Boris Rapaić

Personal information
- Full name: Boris Rapaić
- Date of birth: 24 October 1997 (age 27)
- Place of birth: Split, Croatia
- Height: 1.82 m (6 ft 0 in)
- Position(s): Forward

Team information
- Current team: Dugopolje
- Number: 10

Youth career
- Dugopolje
- 2007–2016: Hajduk Split
- 2015–2016: → Internazionale (loan)

Senior career*
- Years: Team / Apps / (Gls)
- 2016–2017: Hajduk II
- 2018: Fenerbahçe A2 / 13 / (10)
- 2019–2020: Las Palmas B / 1 / (0)
- 2019: Las Palmas / 1 / (0)
- 2021-: Dugopolje / 4 / (0)

International career
- 2012: Croatia U16 / 1 / (0)
- 2014: Croatia U18 / 1 / (0)
- 2015: Croatia U19 / 2 / (0)

= Boris Rapaić =

Croatian footballer

Boris Rapaić (born 24 October 1997) is a Croatian footballer who plays as a forward for Hajduk.

==Club career==
Born in Split, Rapaić joined HNK Hajduk Split in 2007, from NK Dugopolje. In January 2015, he moved abroad after agreeing to an initial six-month loan deal with Inter Milan. He returned to Hajduk in July 2016, and started to appear with the reserve team.

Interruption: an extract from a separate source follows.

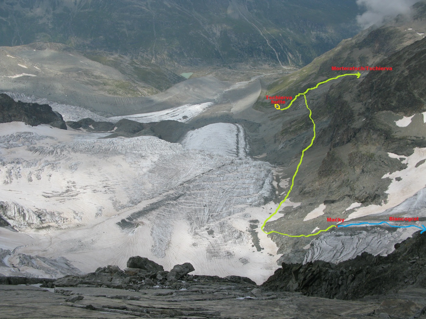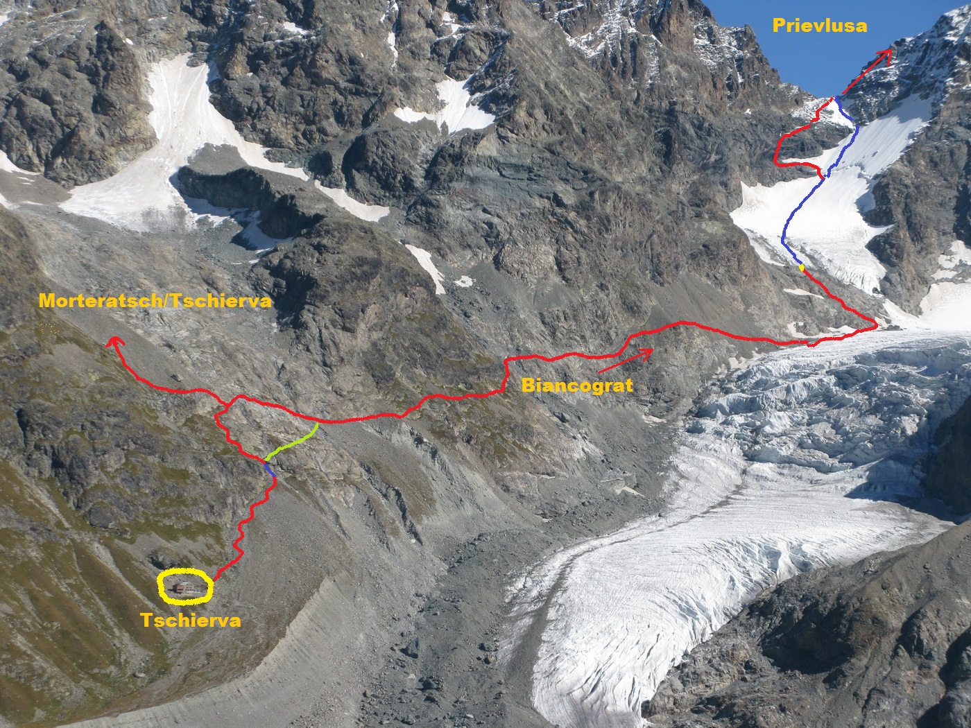 Z tejto chaty vyráža drvivá väčšina záujemcov o tento výstup. Zvykne sa nastupovať skoro ráno, ešte za tmy. Po zosuve pôdy bol chodníček presmerovaný v traverze úpätia Morteratschu trochu vyššie. Chodník je značený skalnými mužíkmi, na začiatku aj farebným značením (bielo-červená), kvôli lepšej orientácii v tme sú na kľúčových miestach odrazky.

In February 2018, Rapaić joined Fenerbahçe SK and was assigned to their under-21 (A2) squad. In July he was released, and subsequently had trials at Royal Antwerp FC.

On 24 July 2019, Rapaić switched teams and countries again after signing for UD Las Palmas; he was initially assigned to the B-team in Segunda División B. He made his professional debut on 18 August, coming on as a second-half substitute for Rubén Castro in a 0–1 home loss against SD Huesca in the Segunda División championship.

On 31 January 2020, after one appearance for the main squad and one for the B-side, Rapaić terminated his contract with the Canarians.

==Personal life==
Rapaić's father Milan was also a footballer. An attacking midfielder, he also started his career at Hajduk.